Louisiana Governor John Bel Edwards Wednesday served legal notice he intends to call a special session of the 2017 Legislature 30 minutes after the regular session finally adjourns at its official deadline, 6 p.m. on June 8, if the lawmakers have not completed their work on three funding instruments.

Once that is completed, they can adjourn for good again, even if it is that same evening. Otherwise, the special session can run through midnight June 19. Under law, the governor must give notice of his intention to call the session seven days in advance of that date and set topic parameters for the Legislature.

The Legislature has not reached an agreement on House Bills 1, 2 and 3, which dictate state agency operating budgets and construction projects. Unless it is able to accomplish this in eight days, it will have a new window to work -- the fourth special session since Edwards took office in January 2016.

“I am issuing this call as a precautionary measure,” Edwards said in a statement. “Should we come to an agreement on the operating and construction budgets, the special session will not be necessary.”

House Bill 1, by Rep. Cameron Henry, R-Metairie, is the state budget. House Bill 2, by Rep. Neil Abramson, D-New Orleans, deals with the capital outlay budget, which prioritizes and authorizes state construction projects. House Bill 3, currently being held captive by House Democrats, is the instrument by which local construction projects are funding through bonds.

HB1 is set to be considered in the Senate Committee on Finance this week, where it are expected to restore some agency funding, left out of the House plan and what triggered the Democratic revolt in the House.. The House’s version of the bill would spend about 97.5 percent of the state’s projected revenue as a precaution aiming to prevent midyear deficits.

HB 2 is set to be discussed in in the Senate Committee on Revenue and Fiscal Affairs, and HB 3 has yet to leave the House.

The special session will not address the fiscal cliff set to hit in July, when $1.3 billion of temporary taxes expire. The Legislature cannot raise revenue in the special session, either.

With frustrations over the House’s lack of worthwhile tax reform mounting, Gov. John Bel Edwards urged legislators there is still time to address the state’s budget crisis in an early morning notice released Wednesday.

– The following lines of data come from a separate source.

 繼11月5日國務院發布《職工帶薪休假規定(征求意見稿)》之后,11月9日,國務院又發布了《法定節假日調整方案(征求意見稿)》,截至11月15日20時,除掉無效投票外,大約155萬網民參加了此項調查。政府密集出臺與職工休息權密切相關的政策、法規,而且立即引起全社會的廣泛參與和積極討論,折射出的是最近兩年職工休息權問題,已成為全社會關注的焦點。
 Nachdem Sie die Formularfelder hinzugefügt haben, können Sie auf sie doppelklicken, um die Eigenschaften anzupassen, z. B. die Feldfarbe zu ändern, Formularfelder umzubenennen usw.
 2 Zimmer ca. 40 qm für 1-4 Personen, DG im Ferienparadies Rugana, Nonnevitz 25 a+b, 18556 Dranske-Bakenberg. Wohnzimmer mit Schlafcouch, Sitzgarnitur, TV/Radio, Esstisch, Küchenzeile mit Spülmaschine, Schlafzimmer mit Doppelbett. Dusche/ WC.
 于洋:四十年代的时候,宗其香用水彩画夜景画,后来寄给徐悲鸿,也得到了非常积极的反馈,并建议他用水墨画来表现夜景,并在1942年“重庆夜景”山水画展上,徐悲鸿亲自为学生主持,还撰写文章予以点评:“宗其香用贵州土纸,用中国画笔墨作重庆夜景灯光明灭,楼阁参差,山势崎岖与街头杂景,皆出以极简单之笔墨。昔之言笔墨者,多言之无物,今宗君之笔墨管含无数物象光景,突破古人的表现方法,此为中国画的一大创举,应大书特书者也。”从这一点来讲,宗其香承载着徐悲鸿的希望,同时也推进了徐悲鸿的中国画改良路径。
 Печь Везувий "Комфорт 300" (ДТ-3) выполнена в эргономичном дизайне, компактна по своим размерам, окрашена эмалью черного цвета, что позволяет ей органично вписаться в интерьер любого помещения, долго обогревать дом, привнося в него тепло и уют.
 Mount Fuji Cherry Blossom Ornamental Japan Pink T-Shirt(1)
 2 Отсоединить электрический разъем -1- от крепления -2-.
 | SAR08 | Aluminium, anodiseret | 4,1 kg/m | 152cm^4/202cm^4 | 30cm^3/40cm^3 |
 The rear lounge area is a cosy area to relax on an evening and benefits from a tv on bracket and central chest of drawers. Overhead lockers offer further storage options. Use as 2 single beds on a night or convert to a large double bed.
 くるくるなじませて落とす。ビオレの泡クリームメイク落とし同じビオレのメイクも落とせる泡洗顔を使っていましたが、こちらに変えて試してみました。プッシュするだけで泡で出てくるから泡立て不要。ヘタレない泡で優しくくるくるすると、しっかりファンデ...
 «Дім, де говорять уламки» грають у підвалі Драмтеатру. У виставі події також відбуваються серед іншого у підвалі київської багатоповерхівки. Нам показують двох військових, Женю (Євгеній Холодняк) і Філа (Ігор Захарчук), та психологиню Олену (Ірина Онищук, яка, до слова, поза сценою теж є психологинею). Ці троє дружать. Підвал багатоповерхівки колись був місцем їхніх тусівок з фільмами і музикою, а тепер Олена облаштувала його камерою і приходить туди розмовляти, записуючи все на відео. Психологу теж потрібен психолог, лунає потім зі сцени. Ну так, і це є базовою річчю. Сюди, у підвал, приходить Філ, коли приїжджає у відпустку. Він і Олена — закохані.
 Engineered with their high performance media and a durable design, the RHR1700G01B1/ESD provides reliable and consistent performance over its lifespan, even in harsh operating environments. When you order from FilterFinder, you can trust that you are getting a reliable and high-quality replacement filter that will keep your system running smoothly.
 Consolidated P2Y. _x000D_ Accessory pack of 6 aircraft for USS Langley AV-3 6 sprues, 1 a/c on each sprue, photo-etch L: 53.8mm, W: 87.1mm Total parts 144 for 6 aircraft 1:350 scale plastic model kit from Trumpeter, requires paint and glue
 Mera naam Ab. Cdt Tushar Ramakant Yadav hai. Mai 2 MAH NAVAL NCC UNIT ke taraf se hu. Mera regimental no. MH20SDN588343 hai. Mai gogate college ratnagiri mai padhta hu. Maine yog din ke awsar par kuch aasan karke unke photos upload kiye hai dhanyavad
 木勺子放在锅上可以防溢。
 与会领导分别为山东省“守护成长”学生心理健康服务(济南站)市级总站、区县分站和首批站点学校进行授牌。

Earlier in the day, Edwards chastised House Republicans for their handling of the session and an unwillingness to do more than the “bare minimum.” He said there was still time to address the state’s budget crisis. He said their actions were a “disservice to the people of Louisiana” and reneged on promises made in the last regular session to replace expiring revenue before the impending 2018-19 fiscal cliff that is predicted to create more than $1 billion shortfall in revenue.

Edwards’ statement pointed to published quotes from Rep. Lance Harris, head of the House Republican delegation, noting the Legislature’s intent to bring a workable long-term plan to the session. Though little has materialized from the claims, said Edwards, there are is sufficient legislation languishing in committee and on debate calendars to achieve change before the regular session adjourns June 8.

“There’s still time to make significant reforms to address the fiscal cliff….The time for action is now.”